- Born: 1 February 1950 (age 76) Greasby, Wirral, Cheshire, England
- Occupation: Actor
- Children: 6, including Joseph Kennedy

= John Bowe (actor) =

British actor

John Bowe (born John Wilson, 1 February 1950) is an English actor best known for his roles in Emmerdale as Lawrence White and Coronation Street as Duggie Ferguson.

==Early life and career==
Bowe was born in Greasby, on the Wirral in Cheshire, England. His highest profile role was probably that of George Marlow in the first Prime Suspect serial in 1991. He also played Duggie Ferguson in Coronation Street from 1999 to 2002, having previously appeared in another of Granada TV's soap operas, Families.

Other TV credits include: Warship, Secret Army, Boon, The New Statesman, Capital City, Class Act, Lovejoy, Silent Witness, The Royal, Dalziel and Pascoe, Cleopatra and Einstein and Eddington, Tipping the Velvet, The Hour and DCI Banks and Soldier Soldier. Film credits include The Living Daylights (1987), Resurrected (1989), County Kilburn (2000), and Gozo (2015).
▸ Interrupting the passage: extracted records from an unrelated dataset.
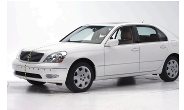
2001 Lexus LS shown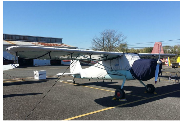
Cessna 140 Insulated Engine, Canopy, Empennage & Wing Covers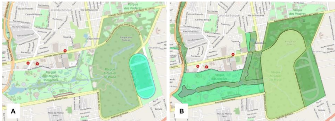
Figure 3 – ZEIC (A) and ZEIA (B) of the region of the Parque dos Poderes

Font: Adapted from the Municipal System of Indicators of Campo Grande – MS (SISGRAN). Available at: Sistema https://sisgranmaps.campogrande.ms.gov.br/ . Access on: April 1 st 2023.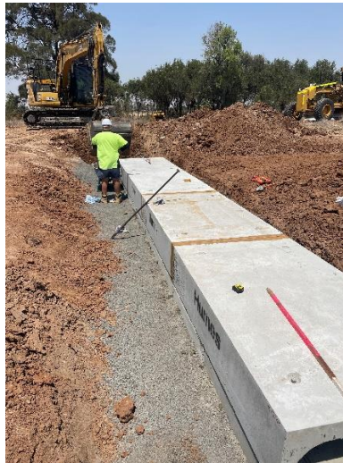
SR9 IB Bore Road

installed as low flow structures near a new causeway, where earthworks are underway.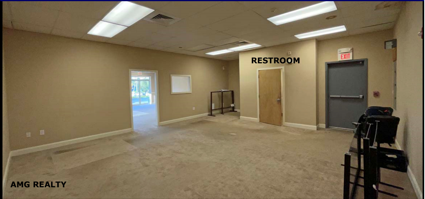
Above- Back room measuring approximately 23' x 21' looking towards opening to the front.

In 2007, Bowe played Dr. Morgan in the BBC series Cranford.

In 2009, he played Ralph Jarvis in episode 4 series 2 of Ashes to Ashes.
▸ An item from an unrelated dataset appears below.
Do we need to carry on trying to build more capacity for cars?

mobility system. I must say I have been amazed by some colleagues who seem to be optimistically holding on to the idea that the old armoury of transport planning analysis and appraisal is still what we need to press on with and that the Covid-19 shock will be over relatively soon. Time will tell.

In April 2010, Bowe joined the cast of London's West End production Priscilla, Queen of the Desert – The Musical, playing the part of Bob.

In September 2011, he appeared as Judge Turpin in Sweeney Todd: The Demon Barber of Fleet Street at Chichester, a role he continued in the West End transfer in 2012.

In September 2014, Bowe joined the cast of Emmerdale, playing Lawrence White, the former lover of Harold Birch, the husband of Edna Birch (Shirley Stelfox). He arrived with his daughter Chrissie (Louise Marwood), his grandson Lachlan (Thomas Atkinson), and Chrissie's fiancé, Robert Sugden (Ryan Hawley), whom he openly despised. Bowe's departure from Emmerdale was announced in April 2017, however, he did not leave until January 2018, when his character was killed off in a car accident.

During the COVID-19 pandemic, Bowe initially supported UK government measures. In April 2020, he reported contracting COVID-19 and "nearly dying" of the disease. However, over time, Bowe started objecting to the ongoing restrictions.

==Personal life==
Bowe has been married three times. His son from his first marriage is fellow actor Joseph Kennedy. His third marriage is to actress Emma Bowe, daughter of Michael N. Harbour and sister of Kate Harbour.

==Filmography==
- The Living Daylights (1987) - Colonel Feyador
- Resurrected (1989) - Colonel
- Prime Suspect (1991) - George Marlow (series 1)
- Coronation Street (1999–2002, soap opera) - Duggie Ferguson
- County Kilburn (2000) - Black Jack
- Heartbeat (1997 & 2006) - Ronnie Harper and Henry Stoddard
- The Bill (2008) - Tom
- Ashes to Ashes (2009) - Ralph
- Silent Witness (Series 13, Episode 6, "Run", 2009) - D.I. Barry Neill
- New Tricks (2011) - Alan King
- Casualty Series 28, Episode 35 "Carrot not Stick" (2014) - Stanley Hogg
- Emmerdale (2014–2018, soap opera) - Lawrence White
- Gozo (2015) - Johnno
- Safe and Effective: A Second Opinion (2022) - Narrator.